Нельзя не упомянуть еще о городских пейзажах Достоевского. Он рисует их очень поверхностно, легкими штрихами, дает не самую картину, а только настроение картины. Иногда ему довольно двух-трех слов, намека на духоту, известку, леса, кирпич, пыль, на тот особенный летний запах, известный каждому петербуржцу, чтобы впечатление большого города возникло в нас с поразительною ясностью. Без всяких описаний Петербург чувствуется за каждою сценой романа.

Только изредка автор набрасывает несколько черт, когда надо определить и выдвинуть фон: "небо было без малейшего облачка, а вода почти голубая, что на Неве так редко бывает. Купол собора... так и сиял, и сквозь чистый воздух можно было отчетливо разглядеть даже каждое его украшение... Необъяснимым холодом веяло на него всегда от этой великолепной панорамы: духом немым и глухим полна была для него эта пышная картина". Вот другой мотив: "я люблю, как поют под шарманку в холодный, темный и сырой осенний вечер, непременно в сырой, когда у всех прохожих бледно-зеленые и больные лица; или, еще лучше, когда снег мокрый падает совсем прямо без ветру... а сквозь него фонари с газом блистают". Иногда в ясный летний вечер у этого прозаического, печального города бывают как бы минуты умиления, тихой и кроткой задумчивости; в такой именно вечер Раскольников смотрел "на последний розовый отблеск заката, на ряд домов, темневших в сгущавшихся сумерках, на одно отдаленное окошко, где-то в мансарде, по левой набережной, блиставшее, точно в пламени, от последнего солнечного луча, ударившего, в него на мгновение, на темневшую воду канавы". Нередко попадаются в описаниях Достоевского подробности изумительно художественные. Так, например, Раскольников входит в квартиру, где им совершено убийство: "Огромный, круглый, медно-красный месяц глядел прямо в окна. "Это от месяца такая тишина", - подумал он".

Достоевский понимает поэзию города. В шуме столицы он находит такую же прелесть и тайну, как другие поэты в ропоте океана; они убегают от людей в "широкошумные дубровы" - он бродит, одинокий, по улицам большого города; они глядят с вопросом на звездное небо - он смотрит в раздумье на осенние туманы Петербурга, озаренные бесчисленными огнями. В лесах, на берегу океана, под открытым небом все видели тайну, все чувствовали бездны природы, но в наших унылых прозаических городах никто, кроме Достоевского, не чувствовал так глубоко тайны человеческой жизни.
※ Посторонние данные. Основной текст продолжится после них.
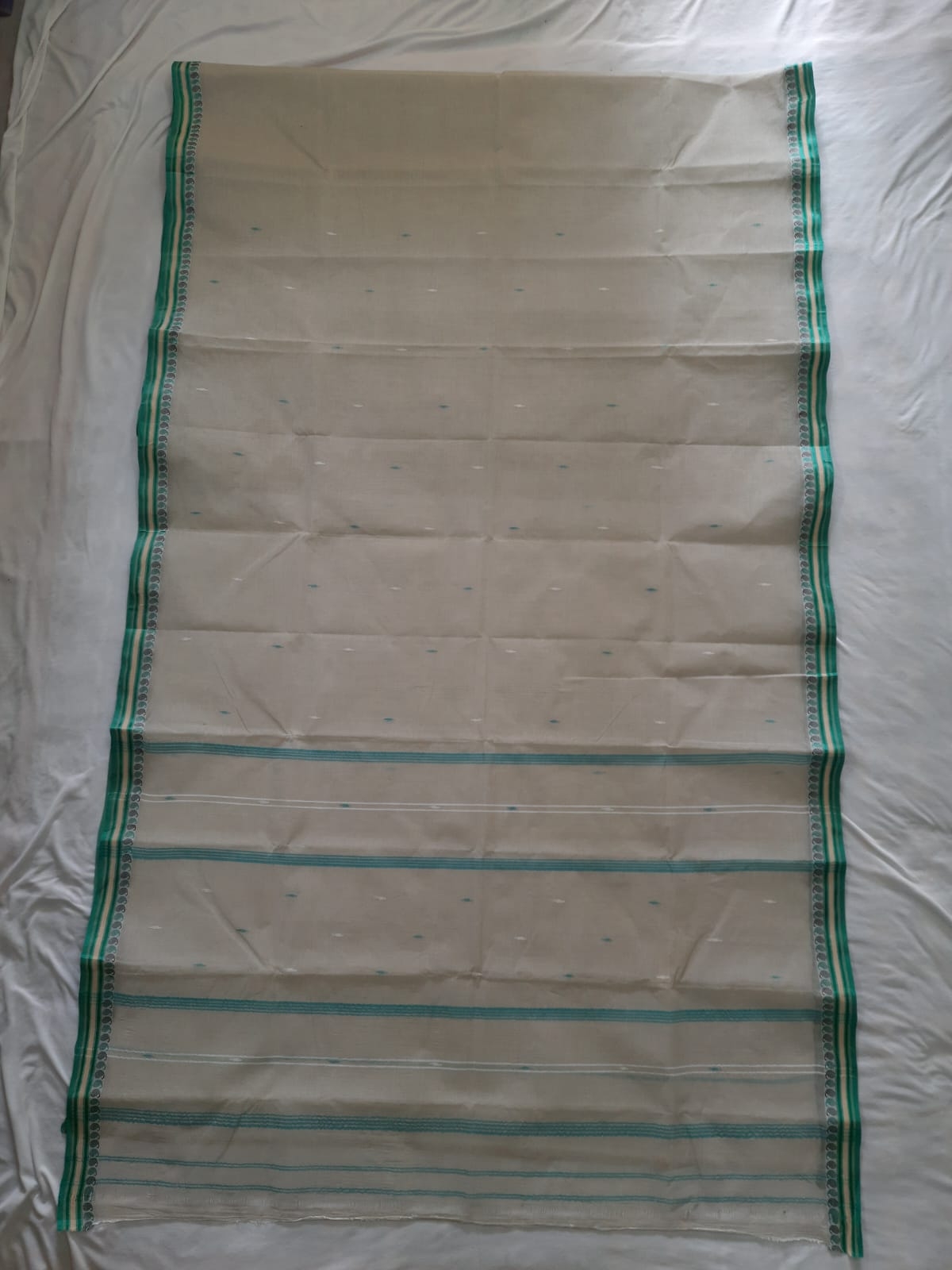 Btengal saree is made by fine cotton count embellished by extra warp designs with multi coloured yarns. It is a simple formation of Bengal cotton saree & woven with figured motifs, in transparent plain ground, with designs of extra warp in borders and extra weft in the body. Use of cotton yarn make it suitable to wear comfortably.
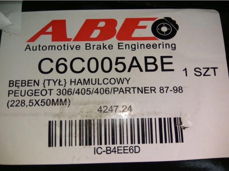 В конце производства барабаны статически и динамически балансируются и проходят строгий контроль качества. Тормозные барабаны от ABE соответствуют самым высоким стандартам качества и обеспечивают полную взаимозаменяемость по размерам с оригинальными запчастями.
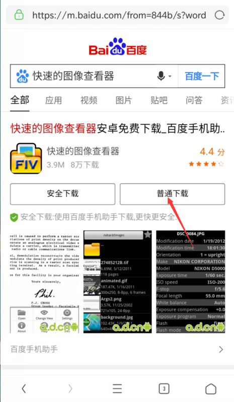 1、打开手机浏览器搜索,“快速的图像查看器”。
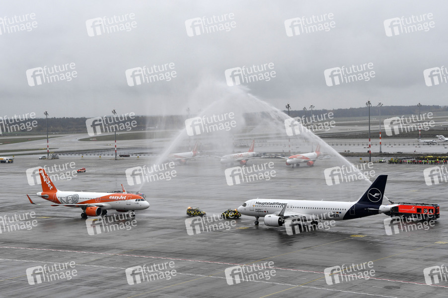 Ankunft der ersten beiden Flüge von easyJet und Lufthansa bei der Eröffnung des Flughafens Berlin-Brandenburg (BER). Schönefeld, 31.10.2020
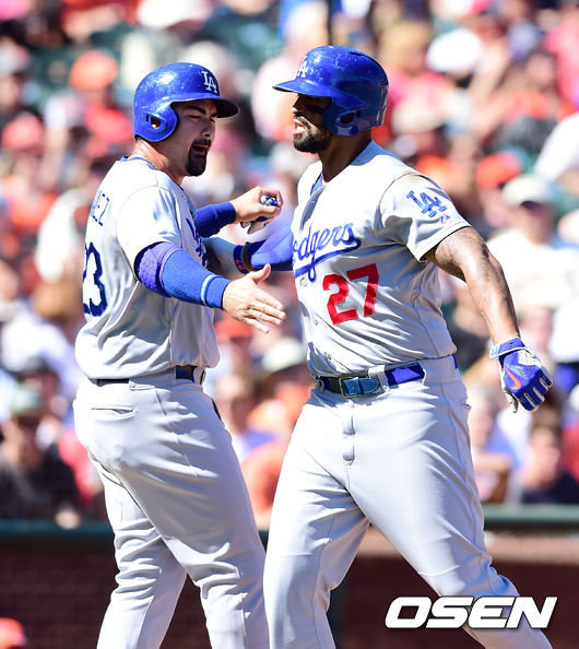 15일(이하 한국시간) 미국 캘리포니아주 샌프란시스코 AT&T 파크에서 열린 '2014 메이저리그' LA 다저스와 샌프란시스코 자이언츠의 경기, 6회초 1사 2루에서 다저스 맷 켐프가 투런포를 날리고 곤잘레스와 기뻐하고 있다.

Он первый показал, что поэзия городов не менее велика и таинственна, чем поэзия леса, океана и звездного неба.

"Убей ее и возьми ее деньги, с тем чтобы с их помощью посвятить потом себя на служение всему человечеству и общему делу: как ты думаешь - не загладится ли одно крошечное преступленьице тысячами добрых дел? За одну жизнь - тысячи жизней, спасенных от гниения и разложения. Одна смерть - и сто жизней взамен: да ведь тут арифметика! Да и что значит на общих весах жизнь этой чахоточной, глупой и злой старушонки? Не более как жизнь вши, таракана, да и того не стоит, потому что старушонка вредна. Она чужую жизнь заедает". Вот слова, которыми сама судьба в лице незнакомого студента искушала Раскольникова в роковую для него минуту колебания. "Старушонка - вздор, - думает он впоследствии, - старуха, пожалуй, что и ошибка... только болезнь... я переступить поскорее хотел... я не человека убил, я принцип убил!"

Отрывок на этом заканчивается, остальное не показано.